Professional Engineering

Actuators made with the biosynthetic polymer repeatedly lift a weight. The material can self-heal damage from repeated use (Credit: Demirel Lab, Penn State)
Actuators made with the biosynthetic polymer repeatedly lift a weight. The material can self-heal damage from repeated use (Credit: Demirel Lab, Penn State)

A new ‘biosynthetic’ polymer can quickly heal itself using just water and heat, leading the way towards soft robot actuators and protective equipment that repair damage automatically.

The material, developed at Penn State University in Pennsylvania, mimics DNA found in squid ring teeth, which grip onto prey. It could be useful in many applications where small holes or cracks pose danger to the operation or safety of a device.

Current self-healing materials have shortcomings that limit their practical application, such as low healing strength and long healing times, the researchers said.

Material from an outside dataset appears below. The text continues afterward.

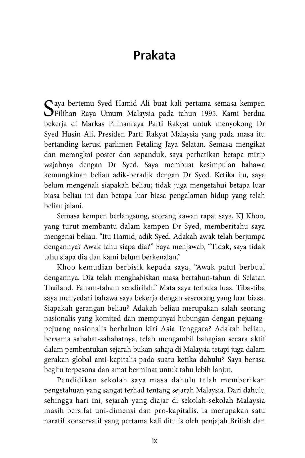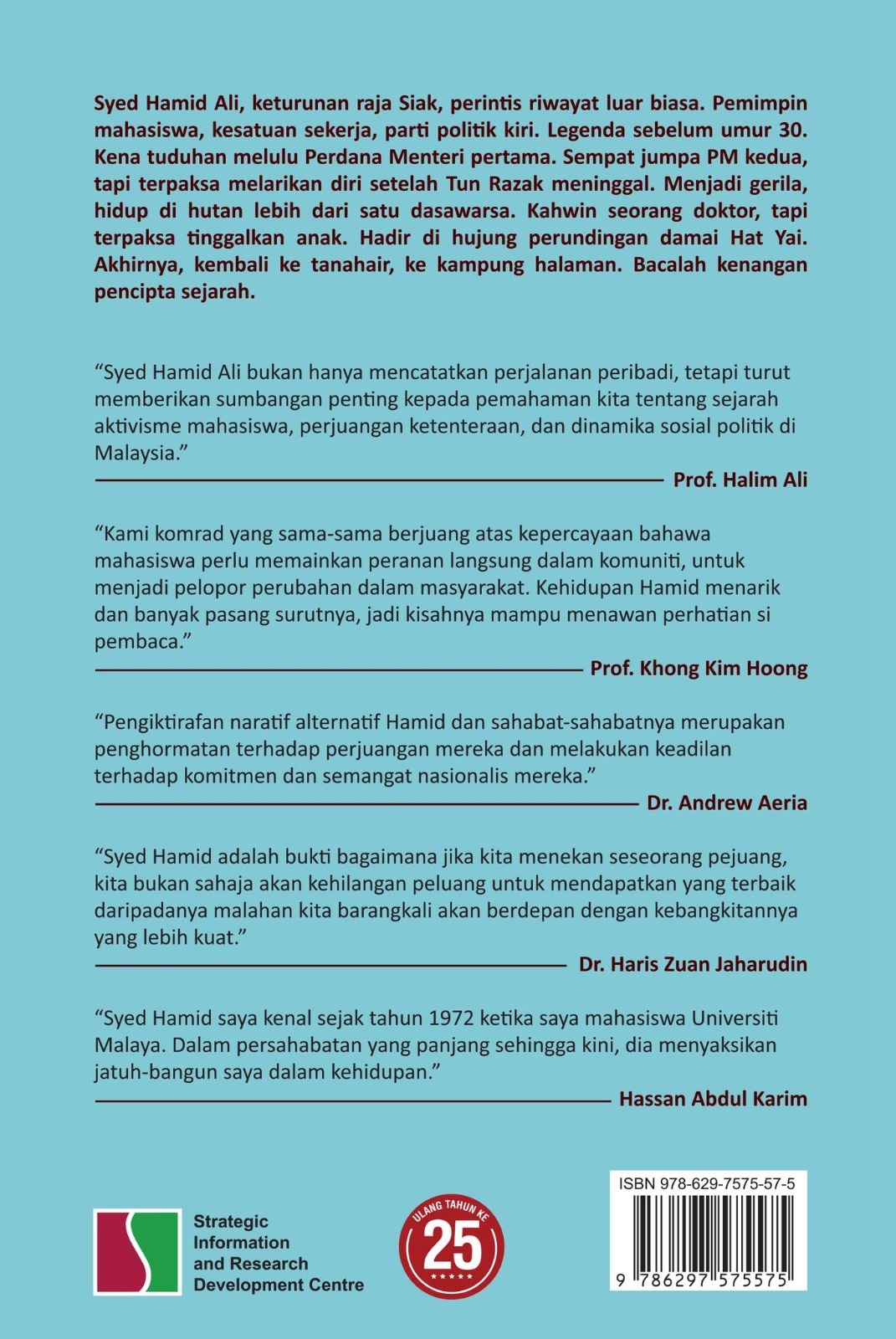 Syed Hamid Ali, keturunan raja Siak, perintis riwayat luar biasa. Pemimpin mahasiswa, kesatuan sekerja, parti politik kiri. Legenda sebelum umur 30. Kena tuduhan melulu Perdana Menteri pertama. Sempat jumpa PM kedua, tapi terpaksa melarikan diri setelah Tun Razak meninggal. Menjadi gerila, hidup di hutan lebih dari satu dasawarsa. Kahwin seorang doktor, tapi terpaksa tinggalkan anak. Hadir di hujung perundingan damai Hat Yai. Akhirnya, kembali ke tanahair, ke kampung halaman. Bacalah kenangan pencipta sejarah.

To create an improved material, the team produced high-strength synthetic proteins which self-heal both tiny and visible damage. The researchers created the self-healing polymer by using a series of DNA tandem repeats, made up of amino acids produced by gene duplication. The researchers manufactured the polymer in standard bacterial bioreactors.

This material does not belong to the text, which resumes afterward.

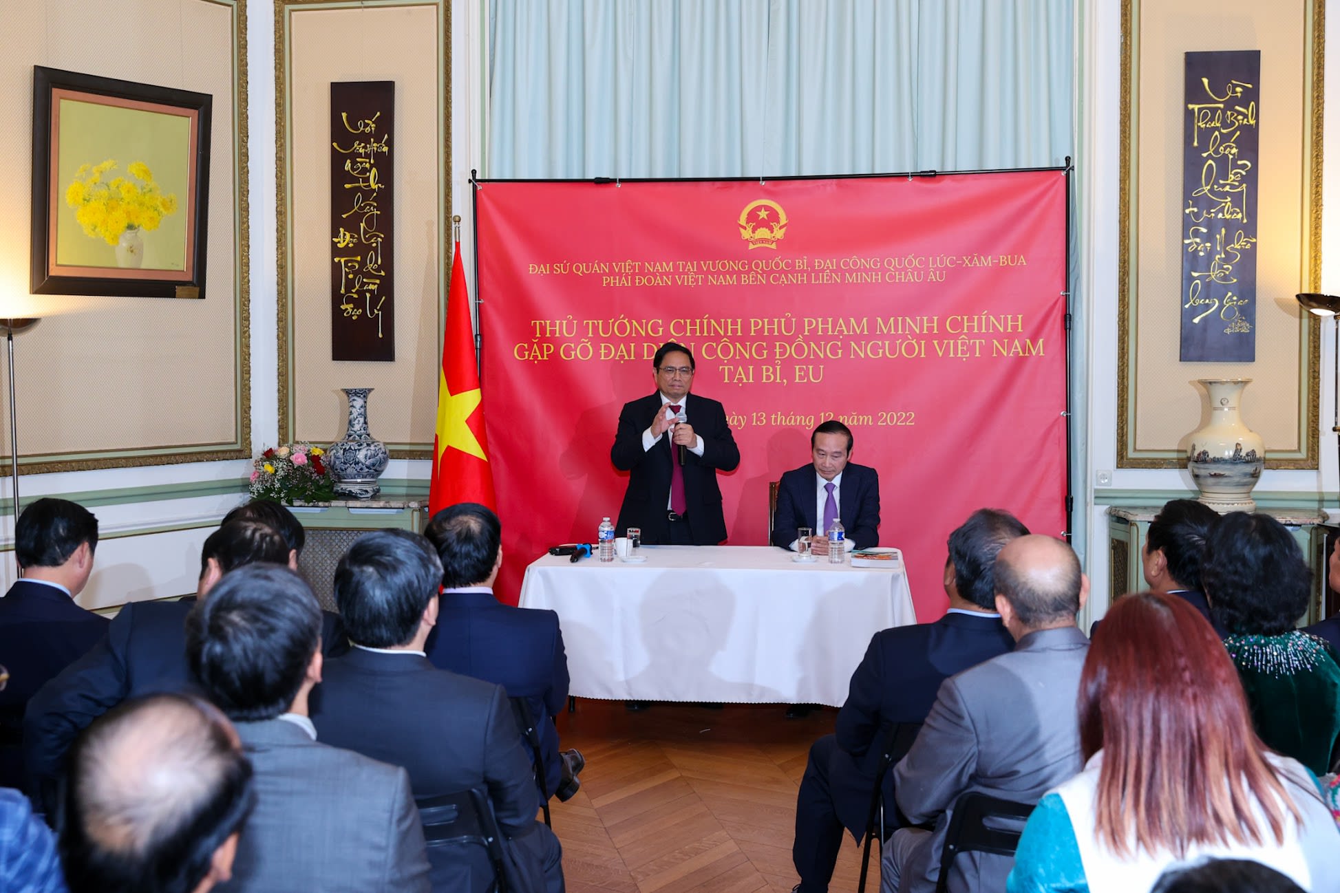 Trong lịch trình bận rộn của chuyến công tác, Thủ tướng Phạm Minh Chính đã dành thời gian gặp gỡ đại diện cộng đồng người Việt Nam tại Bỉ và một số nước châu Âu. Tại buổi gặp mặt, thay mặt lãnh đạo Đảng, Nhà nước Việt Nam và nhân danh cá nhân, Thủ tướng gửi lời thăm hỏi, chúc sức khỏe và hạnh phúc tới bà con có mặt tại buổi gặp mặt cũng như cộng đồng người Việt tại Bỉ và châu Âu.

“We were able to reduce a typical 24-hour healing period to one second, so our protein-based soft robots can now repair themselves immediately,” said lead author Abdon Pena-Francesch. “In nature, self-healing takes a long time. In this sense, our technology outsmarts nature.”

The material uses water and heat to heal, although research leader professor Melik Demirel said it could also use light. When healed after being cut in half, the material reportedly has 100% of its original strength.

A team at the Max Planck Institute for Intelligent Systems in Stuttgart, Germany, created soft actuators for robots that cracked through repetitive use before quickly healing themselves.

The polymer is also biodegradable over time, and can be recycled by using an acid like vinegar to break it down into a reusable powder.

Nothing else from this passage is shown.